Athomas hatte irgendwann mal eine Simulation in der folgende Art gemacht:
Wir nehmen eine Matrix mit ganz zufälligen Beobachtungen. Je 1000 Beobachtungen von 100 Variablen:
Code: Alles auswählen
set.seed(4711)
bsp <- as.data.frame(matrix(rnorm(100000), nrow=1000))

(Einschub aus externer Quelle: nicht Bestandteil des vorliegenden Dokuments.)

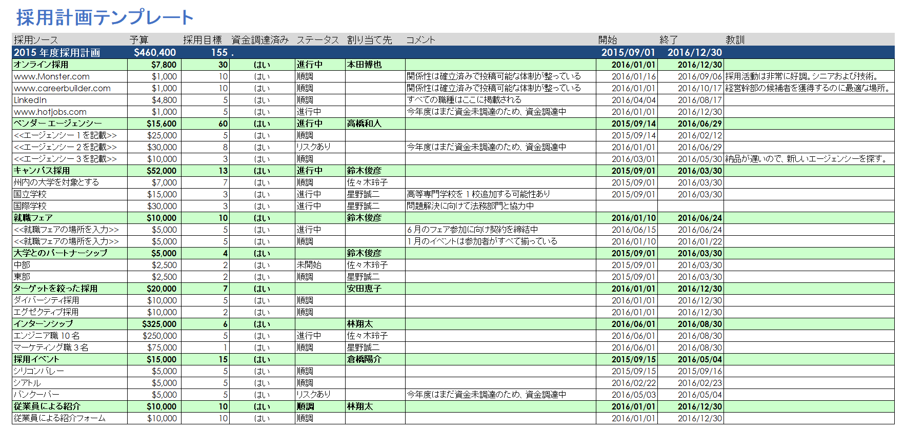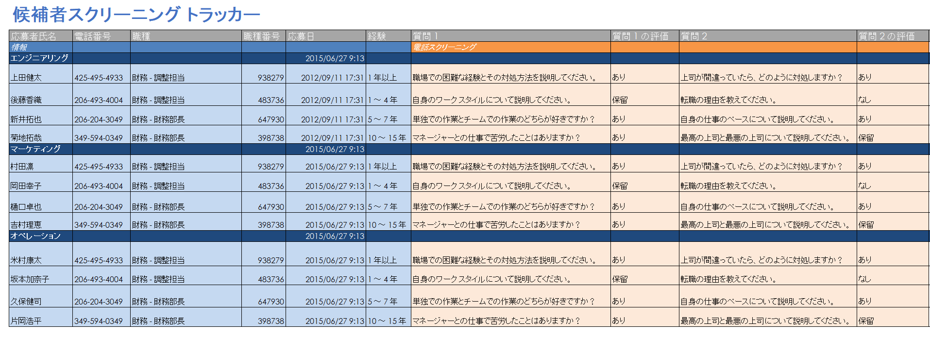 人事管理用無料Excelテンプレート。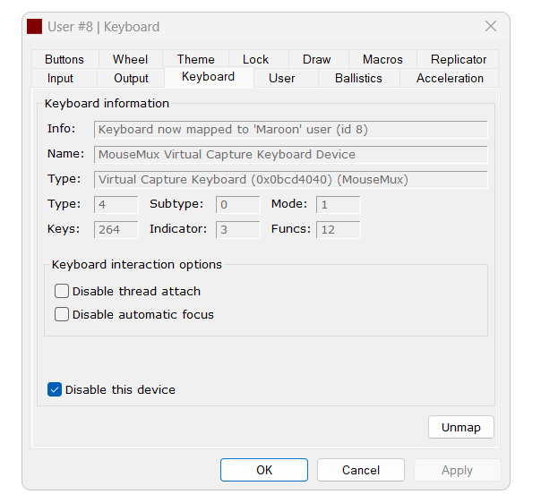 and keyboard. To unmap and re-map a keyboard go to the keyboard tab and

Jetzt stellen wir ein lineares Modell auf, das die erste Spalte durch die 99 anderen vorhersagt:
Davon nehmen wir jetzt die Koeffizienten und sortieren die mit dem niedrigsten p-Wert nach oben. Wir schauen uns die 10 besten an:
Code: Alles auswählen
co <- summary(model1)$coefficients
head(co[order(co[,4]),],10)
Das Ergebnis:
Code: Alles auswählen
> head(co[order(co[,4]),],10)
Estimate Std. Error t value Pr(>|t|)
V87 0.11330660 0.03126428 3.624155 0.0003061565
V73 -0.09956095 0.03050163 -3.264119 0.0011394572
V10 -0.08610537 0.03121777 -2.758216 0.0059295837
V91 0.08026375 0.03214044 2.497282 0.0126925862
V61 -0.07951723 0.03194038 -2.489552 0.0129700056
V89 -0.07187542 0.03212909 -2.237082 0.0255250979
V24 0.06063133 0.03182597 1.905090 0.0570868552
V4 0.05825938 0.03156337 1.845791 0.0652508491
V45 -0.05552266 0.03119715 -1.779735 0.0754566842
V72 0.05515997 0.03135250 1.759348 0.0788581052
Gut, sechs signifikante Prädiktoren sind identifiziert, V87 ist mit p < 0,001 über jeden Zweifel erhaben, V24 verfehlt Signifikanz ganz knapp mit p = 0,057.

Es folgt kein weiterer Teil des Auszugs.